Va entrar al bar i prengué una cervesa.


----------



## papillon

Thanks, louhevly, I like your example!

I still would like to know if this is an accepted form in other reagions, s.a. Valencia.
Thanks


----------



## betulina

Hi, Papillon,

It is accepted everywhere, although in some places of Valencia they don't really use it but the simple preterite. Wait for our Valencian colleagues to tell you. 

On the other hand, I agree with Lou, but it is also true that you can write without ever use the simple preterite (therefore, using always the perifrastic form "va + infinitive"). As he said, it's just a matter of style. 
In some dialects, though, the simple preterite is considered very formal or literary, that's why you didn't find it in newspapers. You might find it in literature, depending on the author.


----------



## Mei

Hi there,

About the thread's title... is "recorrir" correct or used in other places? I would say "recórrer". 

Mei


----------



## betulina

Mei said:


> About the thread's title... is "recorrir" correct or used in other places? I would say "recórrer".



Yes, me too, Mei... I would say it's not correct... I made a search and the pages I found were quite full of mistakes... Where did you take it from, Papillon?


----------



## tsimbalar

Vinculado con lo del "va + infinitivo" , una de las primeras bromas que entendí en Catalá..
"Bacalla... i no va dir res"...


----------



## papillon

Thanks everyone for your replies. 
And yes, the title of the thread is definitely a typo on my part, shold be  recórrer. My bad.

I can't change it, but maybe one of the moderators would be so kind as to fix it.


----------



## zazap

It is used in Valencia too but, as betulina said, the preterit simple is more used in certain regions.


----------



## zazap

louhevly said:


> Many stylists recommend that, in written Catalan, it be alternated with the simple preterite (pretèrit perfet).
> 
> Va entrar al bar i prengué una cervesa.



Funny, in Valencian clas they told me to "stick with one or the other" in a text.


----------



## Samaruc

Hi,

I'm from Valencia and I use both forms in normal oral speech for all persons. For me, saying "aní" and "vaig anar" (I went) is exactly the same.
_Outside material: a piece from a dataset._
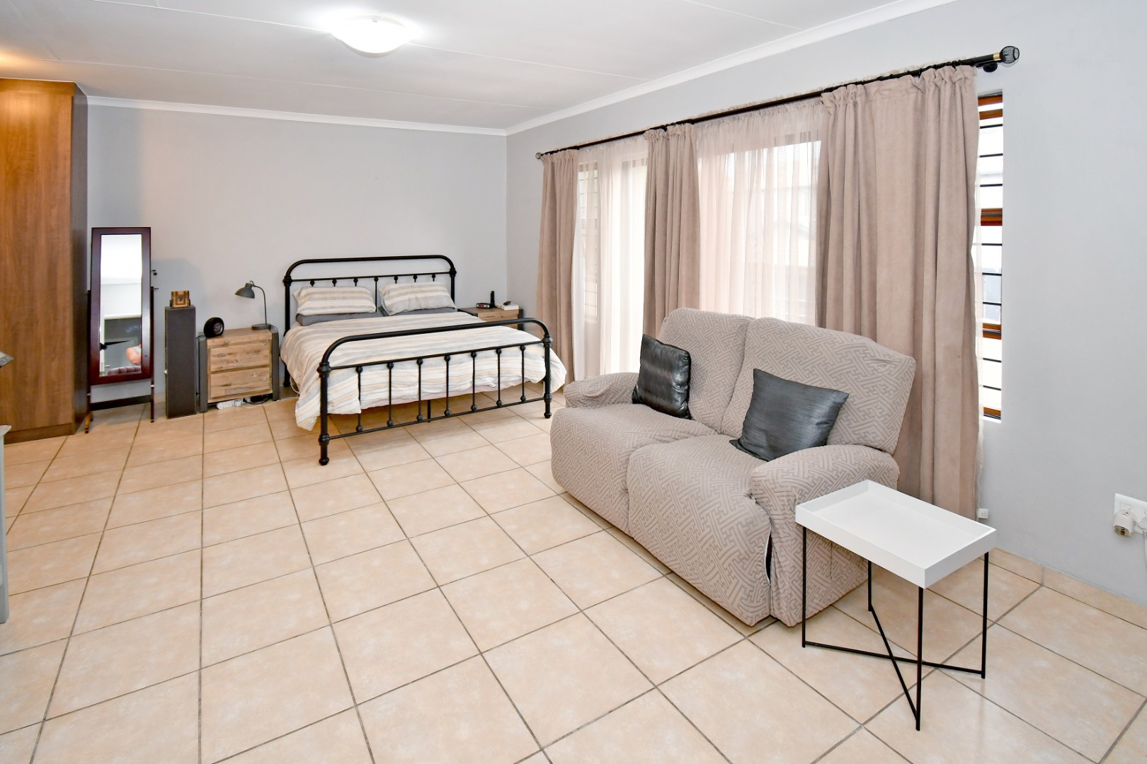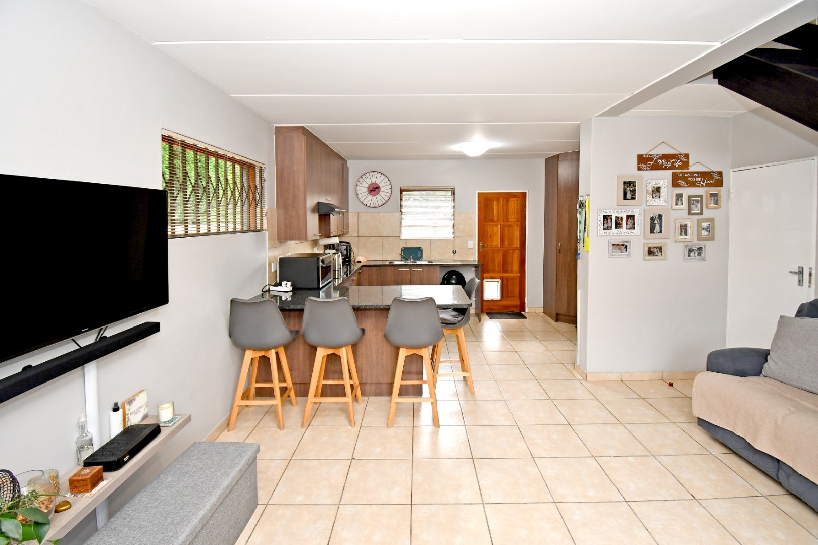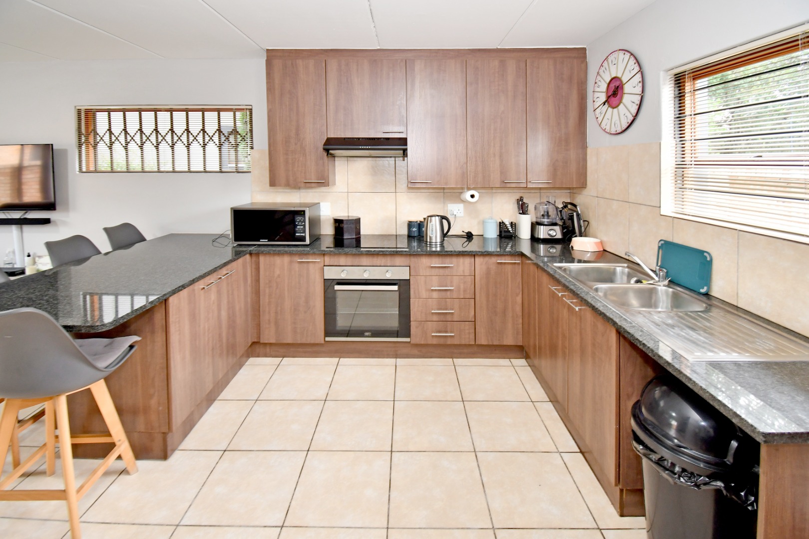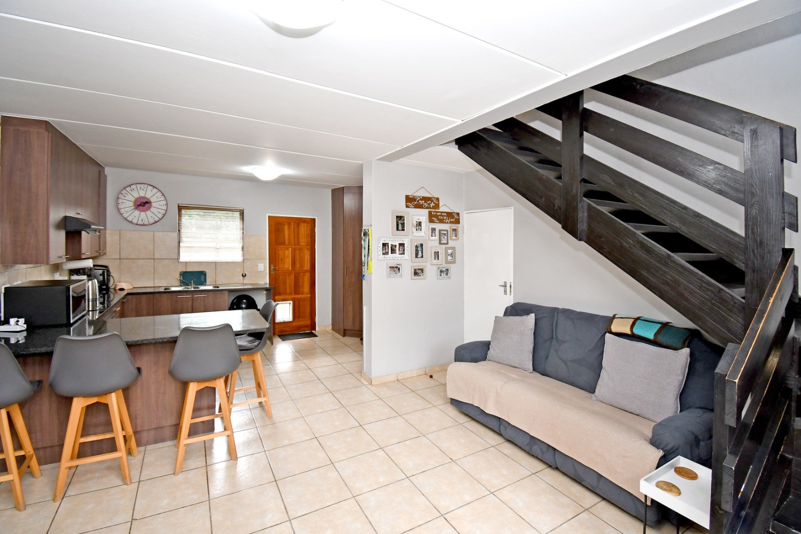 Welcome to this modern 3-bedroom, 2-bathroom residence, perfectly situated within a secure estate in the desirable Airfield suburb of Benoni, South Africa. This property presents a contemporary aesthetic with a well-maintained exterior featuring a mix of plaster and brick finishes, offering excellent kerb appeal. Inside, the home boasts a functional and inviting layout spanning 137 square metres. The open-plan design seamlessly integrates the spacious lounge with a well-appointed kitchen, which includes a convenient pantry. Sliding doors enhance the flow, connecting the interior living spaces to the private outdoor areas. The accommodation comprises three comfortable bedrooms, with one of the two bathrooms being an en-suite, providing added privacy and convenience for residents. Step outside to discover a private garden and a paved patio, ideal for relaxation or entertaining. The outdoor space is further enhanced by a gazebo, offering a shaded area perfect for al fresco dining and social gatherings. The property includes two integrated garages and additional parking, ensuring ample space for vehicles. This home is also pet-friendly, accommodating furry family members. Prioritising both security and sustainability, this residence is located within a security estate, benefiting from electric fencing, an access gate, and an intercom system for peace of mind. Modern amenities such as a battery inverter and solar panels contribute to energy efficiency, while fibre connectivity ensures high-speed internet access. Airfield, Benoni, offers a well-established suburban environment with convenient access to local amenities and transport routes, making it a desirable location for families and professionals alike. Key Features: * 3 Bedrooms, 2 Bathrooms (1 En-suite) * Open-plan Lounge & Kitchen with Pantry * Private Garden & Paved Patio with Gazebo * Double Garages & Additional Parking * Security Estate with Electric Fencing & Access Gate * Battery Inverter, Solar Panels & Fibre Ready * Pet-Friendly Environment

People here don't care about it and they combine both forms in a simple sentence. "Vaig entrar al bar i prenguí una cervesa" (or any combination "entrí/vaig entrar" and "prenguí/vaig prendre") would be a very normal sentence here.

In normal spoken language, the "passat simple" is alive in only a few _comarques _ (and, in some of them, not for all persons) whereas the "passat perifràstic" is alive and known everywhere (including the "passat simple" _comarques_)).
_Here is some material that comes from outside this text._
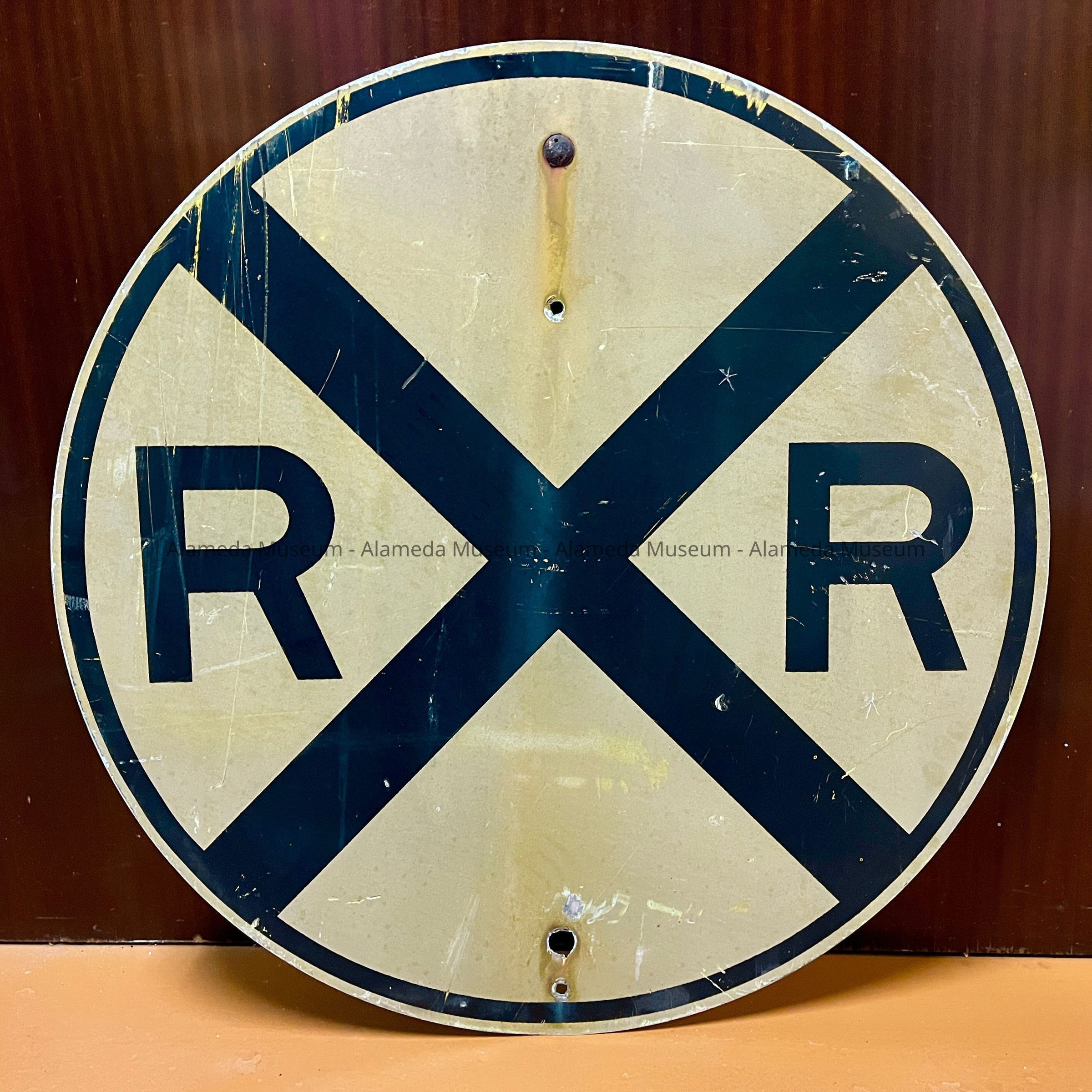 History of Object: Railroad Crossing warning sign that served to warn traffic of the railroad tracks of the Alameda Belt Line. Exact location where this sign was posted is not known, but it is thought to have come from the recent works done to remove the old rails from Blanding Ave. - possibly from Broadway.

By the way, some time ago I read that in the zones where the "passat simple" is still used, the "passat perifràstic" is built by using the long forms, that is, "vaig/vares/va/vàrem/vàreu/varen" instead of the short ones "vaig/vas/va/vam/vau/van". At least in the comarca of l'Horta it is true...

As for texts, I like to combine both forms, but, as zapzap said, some people prefer, once you've chosen one of them, to maintain it in the whole text. I think this is a stylistic question, so, I'm affraid the agreement is impossible (and that's good).

If you use the "passat perifràstic" you'll be understood everywhere, this is a completely acceptable form in both spoken and written language. If you use the "passat simple" in written language, it will be also perfectly acceptable, however, if you use it in spoken language, it will sound strange, probably old fashioned, in many _comarques _(especially for the first singular person).


----------



## Sancho Panza

I agree 100% with Samaruc. 
Being from Barcelona, I tend to combine the two forms, and it's funny, because instead of hearing in class to stick to one or the other, I've always been encouraged to combine them...

Funny thing 

Salutacions per a tothom!


----------